WHAT TO PRODUCE = Transcribe exactly the lines from the top of the records below through the line that holds "Baxendale's final classic", both included, with no pictures.

EXCERPTED DATA =
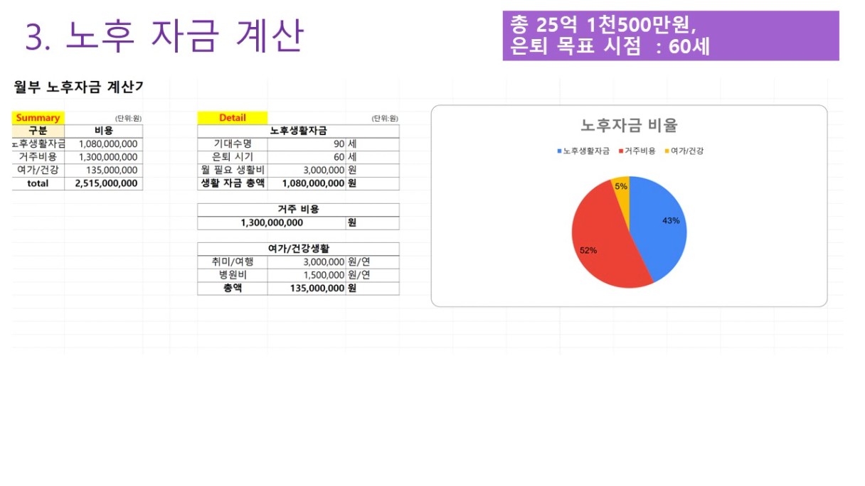 필요한 노후 자금 합계 ▶ 총 25억 1천 500만원
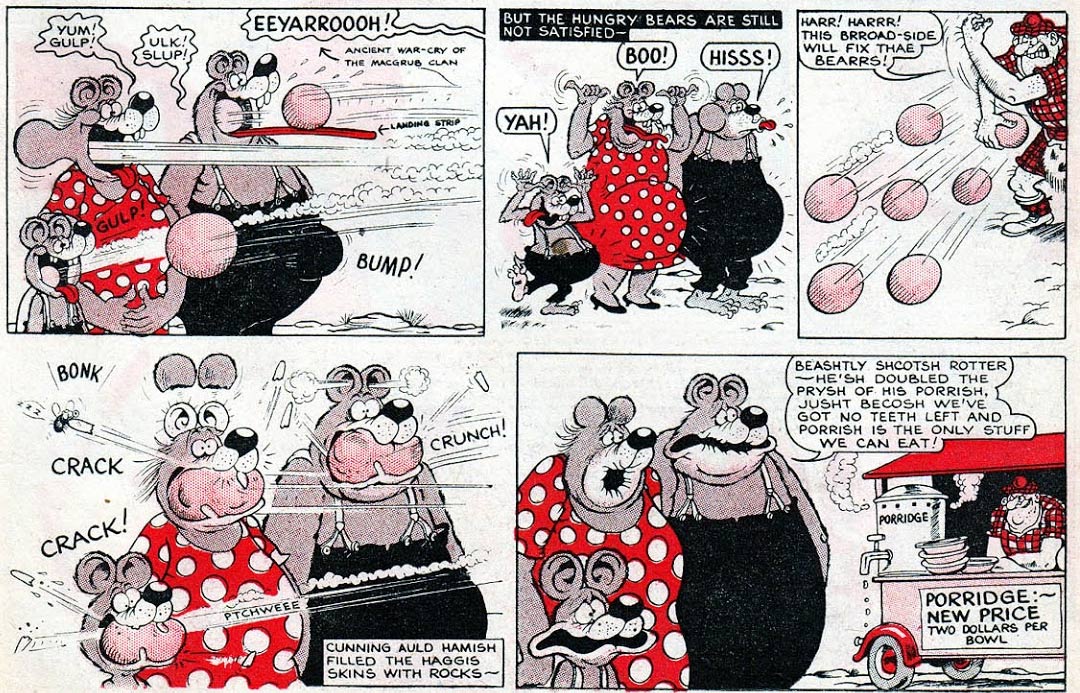 Baxendale's final classic series for The Beano was 'The Three Bears' (1959), a spin-off of 'Little Plum'. First published on 6 June 1959, it starred a grizzly bear family - Pa, Ma and Little Teddie - inspired by the Joseph Jacobs fairy tale 'Goldilocks and the Three Bears'. Many episodes center on the family's never-ending search for food. They always try to outwit shopkeeper Hank, a local sheriff and two rival bears, Grizzly Gus and his son Gus's Grizzly. When Baxendale's workload became too heavy, 'The Three Bears' was the first series he dropped, passing it on to Bob McGrath, who drew it for several decades. In 1985, the comic was briefly discontinued, but it returned with irregular intervals drawn by Tom Lavery, Bob Dewar, David Parkins and Robert Nixon. Between 1999 and 2007, it made its definitive comeback in The Beano's pages, drawn by Mike Pearse until in 2002 he passed the pencil to Chris McGhie. The bear family returned one final time between 2010 and 2011, drawn by McGhie, David Parkins and Ken Harrison.
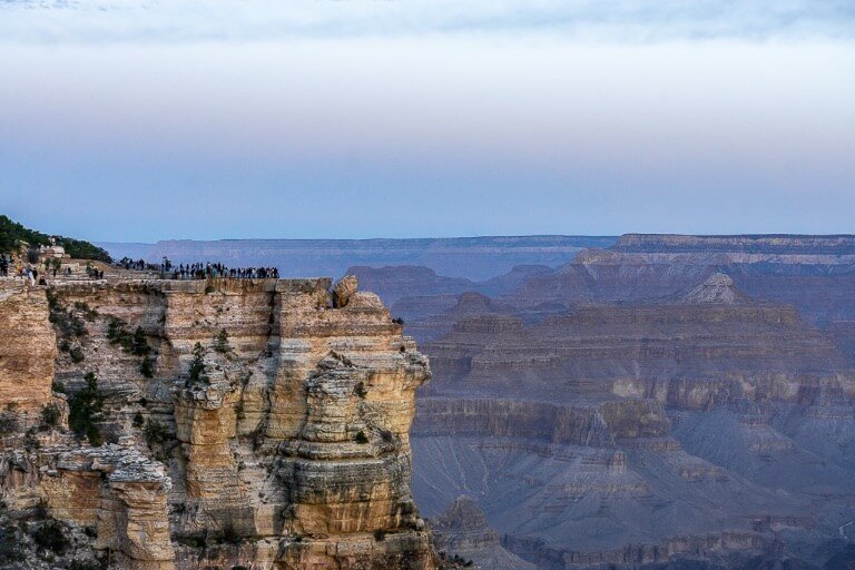 Time everything so you arrive at Hopi Point around one hour before sunset. It’s our favorite Grand Canyon South Rim sunset spot, but the problem is that most others agree which means Hopi Point gets super crowded every evening.
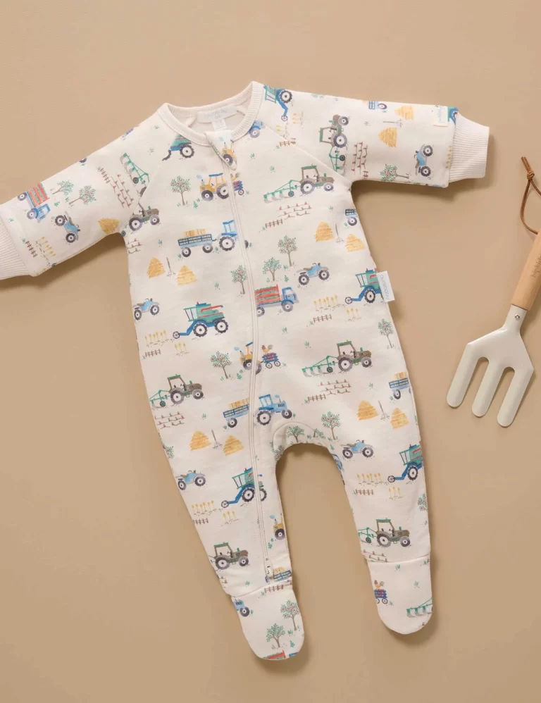 Fleecy Zip Growsuit – Farm Vehicle
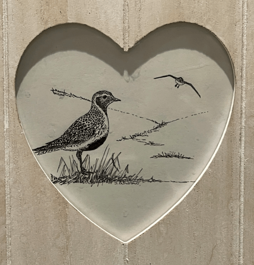These days several of her seaglass based creations adorn several rooms in the house. But we do have some of her old bird vignettes in the bathroom, as used in the Lancashire Breeding Bird Atlas.
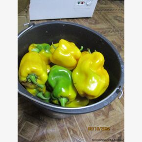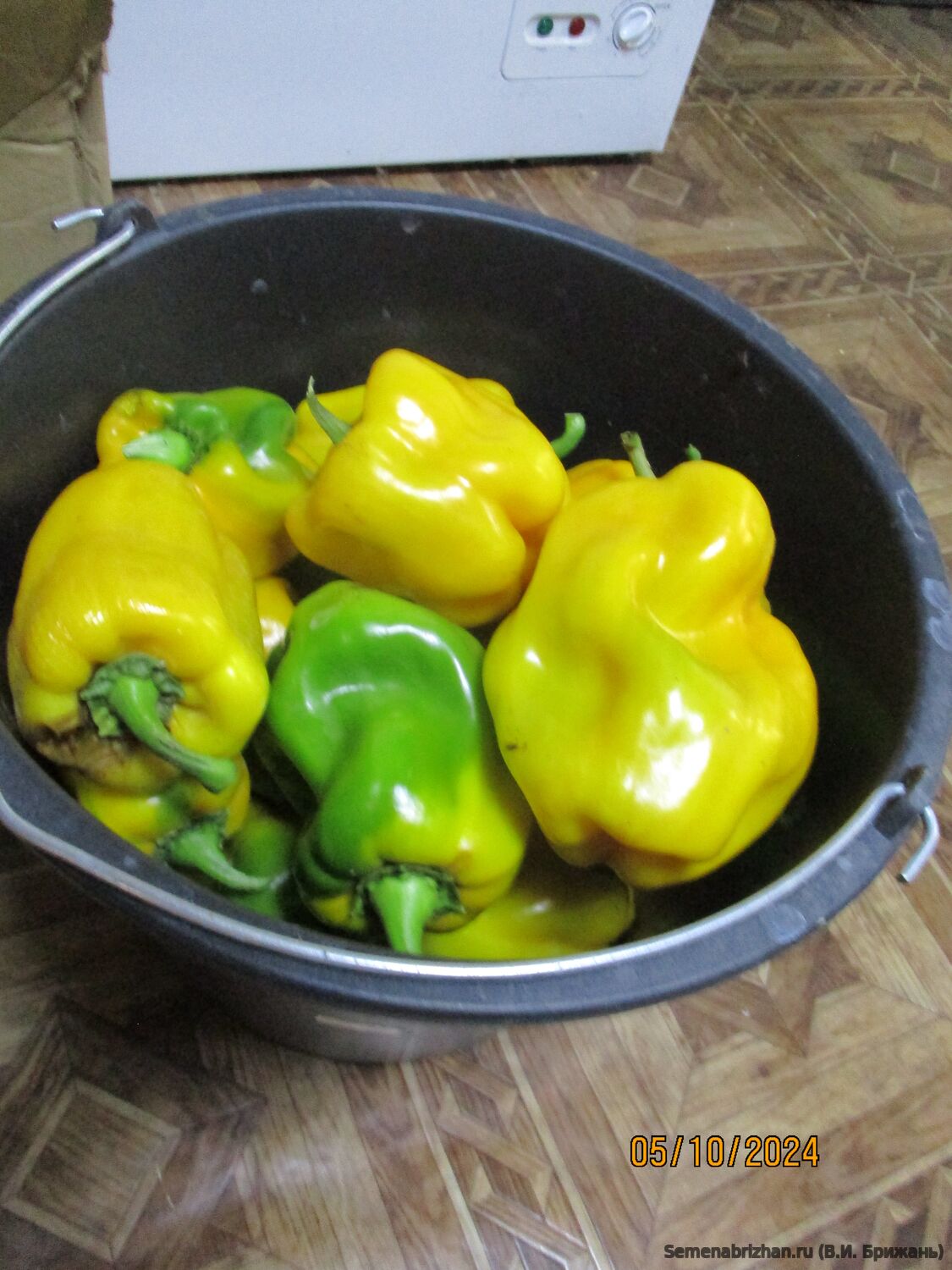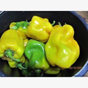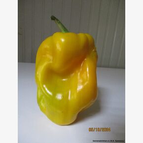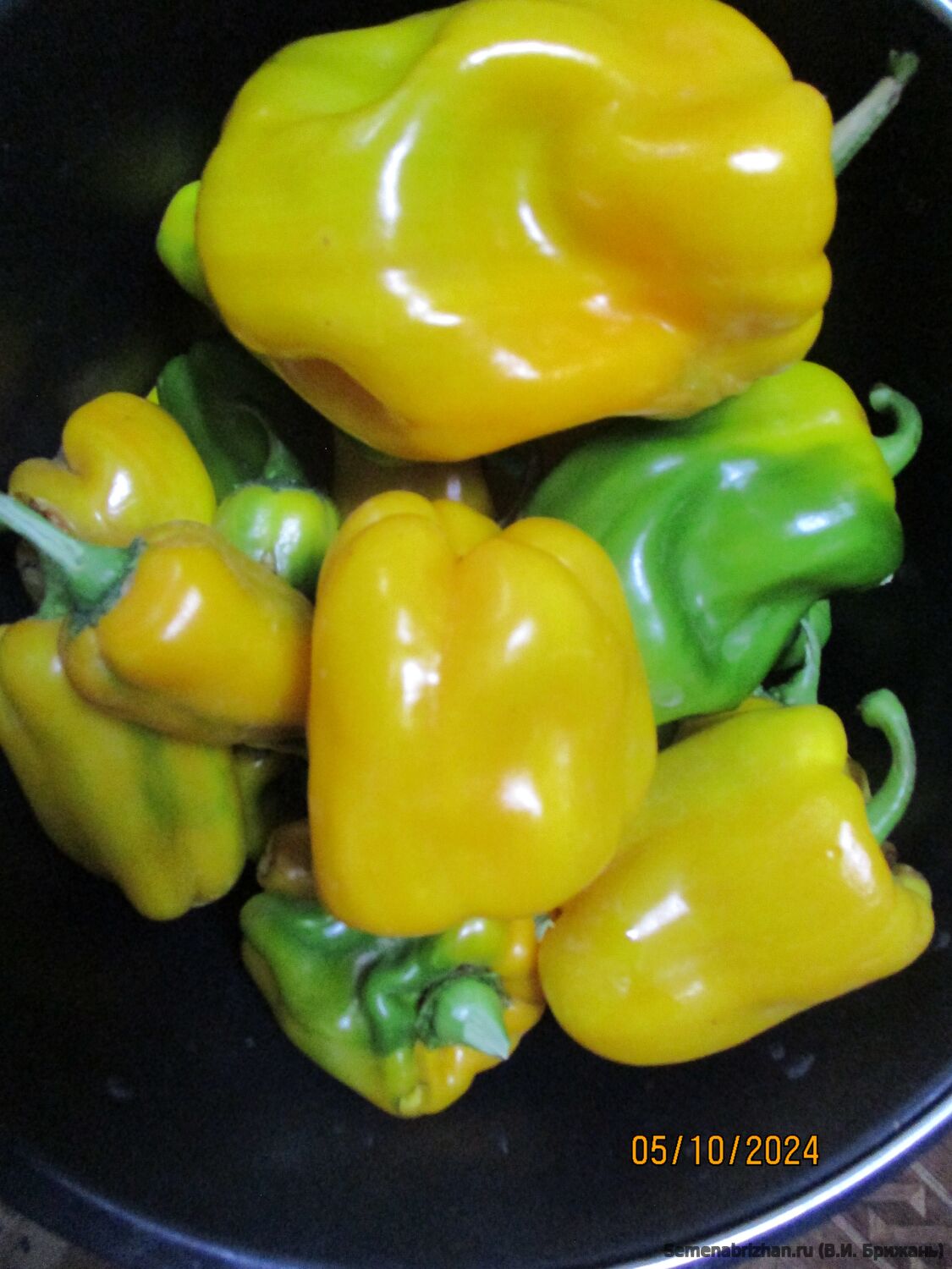 • Семейная коллекционная реликвия из США. Раннеспелый (105-110 дней). Растет мощными кустами с крепкими стеблями. Высота кустов доходит до 80 см, на них одновременно много плодов (до 12-15 штук).  Форма плода  похожа на выровненный куб, блочные, усеченно-кубовидные ( иногда в виде колокола с вмятинами по бокам) размером 18х10 см, толщина стенок 8-12 мм., масса плодов в среднем до 300 гр. Первые плоды вырастают до 500-600 гр. В тех.сп - светло-зелёный, в биол.сп - ярко жёлтый сочные, очень ароматные. Перец мясистый и толстостенный, его перикарпий в ширину превышает 1 см. Отличный вкус, мякоть твердая, сочная, очень сладкая, содержит много полезных компонентов – В-витамины, аскорбинку и каротин, макро- и микроэлементы. Эти перцы хорошо подходят для салатов, лечо, вносят изюминку в любое блюдо, зимние заготовки, соусы. Плодоносящие кусты выглядят очень нарядно и привлекательно. Ценность сорта: дружное созревание, высокая урожайность, декоративность, устойчивость к жаре и засухе, высокие вкусовые качества. Сладкие, сочные, красивые. На кусте 9- 12 таких здоровяков! Шикарный сорт! * Форма плодов может меняться в зависимости от условий. Сорт очень урожайный и неприхотливый. Сорт хорошо переносит похолодания и температурные скачки, показывает высокую завязываемость даже в неблагоприятные летние сезоны. Сорт обладает комплексной устойчивостью к заболеваниям. Высокая урожайность, крупноплодность, отличные вкусовые качества плодов. В пакете 20 шт. семян.

EXERCISE SOLUTION =
 필요한 노후 자금 합계 ▶ 총 25억 1천 500만원
 Baxendale's final classic series for The Beano was 'The Three Bears' (1959), a spin-off of 'Little Plum'. First published on 6 June 1959, it starred a grizzly bear family - Pa, Ma and Little Teddie - inspired by the Joseph Jacobs fairy tale 'Goldilocks and the Three Bears'. Many episodes center on the family's never-ending search for food. They always try to outwit shopkeeper Hank, a local sheriff and two rival bears, Grizzly Gus and his son Gus's Grizzly. When Baxendale's workload became too heavy, 'The Three Bears' was the first series he dropped, passing it on to Bob McGrath, who drew it for several decades. In 1985, the comic was briefly discontinued, but it returned with irregular intervals drawn by Tom Lavery, Bob Dewar, David Parkins and Robert Nixon. Between 1999 and 2007, it made its definitive comeback in The Beano's pages, drawn by Mike Pearse until in 2002 he passed the pencil to Chris McGhie. The bear family returned one final time between 2010 and 2011, drawn by McGhie, David Parkins and Ken Harrison.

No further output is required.